Star Wars: The High Republic: The Fallen Star
- Author: Claudia Gray
- Audio read by: Marc Thompson
- Language: English
- Genre: Science fiction
- Publisher: Del Rey
- Publication date: January 4, 2022
- Publication place: United States
- Media type: Print (hardcover, e-book, audiobook
- Pages: 352
- ISBN: 978-0593355398
- Preceded by: Star Wars: The Rising Storm

= Star Wars: The Fallen Star =

2022 science fiction novel by Claudia Gray

Star Wars: The High Republic: The Fallen Star is a novel written by Claudia Gray and is the final adult novel in the Star Wars: The High Republic franchise's first phase, Light of the Jedi. It is a direct sequel to Light of the Jedi and The Rising Storm taking place 200 years before Star Wars: The Phantom Menace. It follows the continued conflict between the Jedi Order and the Nihil.

==Premise==
The Jedi deal with the aftermath of tragedy and a widespread attack on the Republic Fair, dubbed the "conflagrine on the flames" by the "space Vikings" known as the Nihil. As Knights and Padawans stationed on Starlight Beacon recuperate from injuries and emotional trauma, Marchion Ro prepares his deadliest attack on the Order.

==Marketing==
The novel's title was revealed at San Diego Comic-Con in July 2021 along with three other novels in the third wave of Light of the Jedi.
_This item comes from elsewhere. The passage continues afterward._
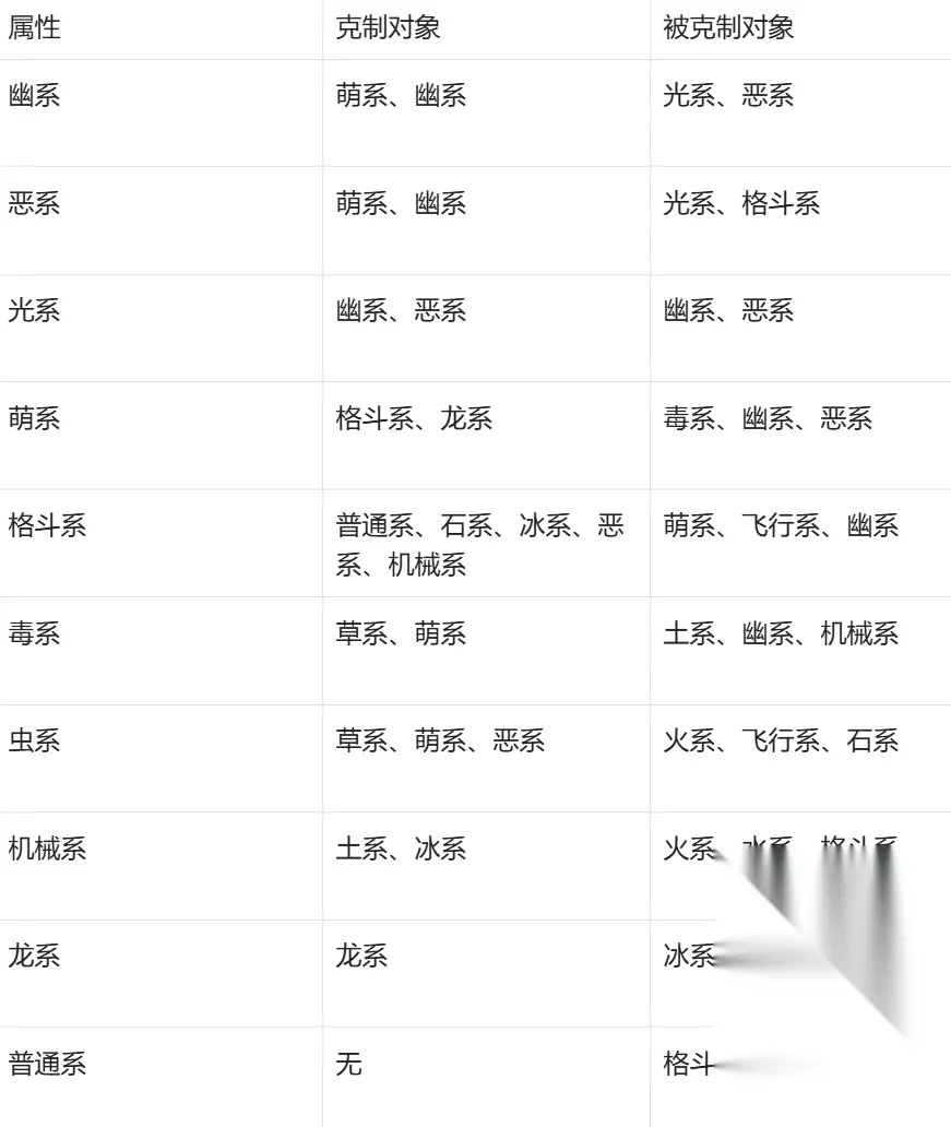 火、水、草三系是游戏最基础的属性,能形成完美克制闭环。其中火系:克制草系、机械系、虫系;被水系、土系、石系克制。水系:克制火系、土系、石系;被草系、电系克制。草系:克制水系、土系、石系;被火系、飞行系克制。电系:克制水系、飞行系;被土系、龙系克制。冰系:克制草系、土系、龙系、飞行系;被火系、石系、机械系克制。石系:克制飞行系、火系、冰系、虫系;被草系、水系、格斗系克制。土系:克制火系、石系、毒系、机械系、电系;被水系、草系克制。飞行系:克制草系、虫系;被电系、冰系、石系克制。当然,游戏中还有很多其他的属性,这里就不一一列举了,大家可以观看一下的图示来掌握。

The tagline associated with the third wave was "The Light of the Jedi goes dark", hinting at the increasingly grim direction the novel is set to take the franchise towards.

The first issue of a comic book, Star Wars: Halcyon Legacy (2022), features prominently a character from The Fallen Star, Nib Assek.

==Reception==
CNET said that "The Fallen Star is the most engrossing Star Wars novel in years [...]" /Film wrote: "The book is equal parts fun and tense, reading very much like a disaster escape movie from the '70s [...]" Both reviewers compared the novel to the 1980 film The Empire Strikes Back.

According to the publisher, the book is on The New York Times Best Seller list.